On Monday night, Newtown will lead the Panthers into Lincoln Financial Field for a match up with the Eagles.
In late August, Whitfield was in the area to work out with local high school quarterbacks. Among them were Glassboro senior Mike Gillespie and Episcopal Academy’s Nick Maras.
Maras, who will be a freshman next season, worked with Whitfield at the Rock Your and also attended the Peyton Manning Camp.
“He’s just a good coach overall,” said Maras. “He doesen’t push you into doing anything. He doesen’t have a set of rules, instead he works directly with what you need.”
Maras said his throwing has become more accurate and his throwing power has increased. One of the facets they worked on was his release time, which Maras said has become faster.

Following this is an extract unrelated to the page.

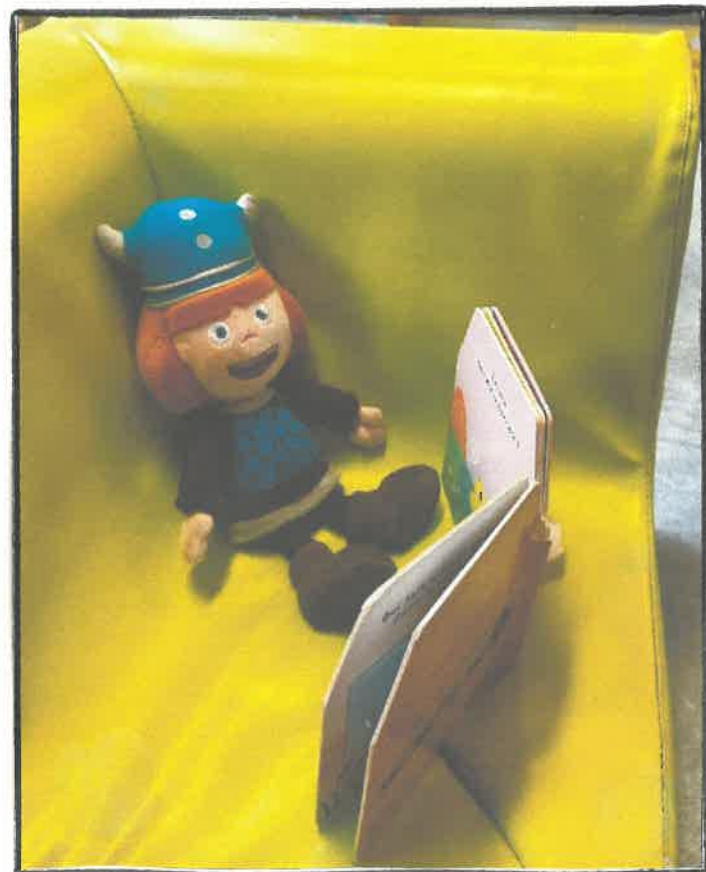
Vendredi 26 janvier, nous sommes allés à la médiathèque d'Avranches. Une bibliothécaire nous a lu des albums sur le thème des 4 saisons. Nous adorons les livres, et apparemment Vicki aussi !

After spending a few years working with less-polished players, Whitfield had the opportunity to work with Pittsburgh’s Ben Roethlisberger during the quarterbacks six-game suspension in 2010. He was Roethlisberger’s first private coach, as Whitfield said everything Roethlisberger was using was “innate ability.”
Whitfield worked out with Hunter Cantwell, who signed with Carolina after being undrafted in 2009. He then helped Rice’s Chase Clement earn the UFL’s MVP in 2010 before working with Cincinnati’s Tony Pike, who was drafted by Carolina.
Whitfield said the challenges of working with these players resulted in a sense of pride when the results came in.
“You’re not going to be on lunchpails, but you will be on an active roster,” said Whitfield. “I always relished that under dog role and the long days.”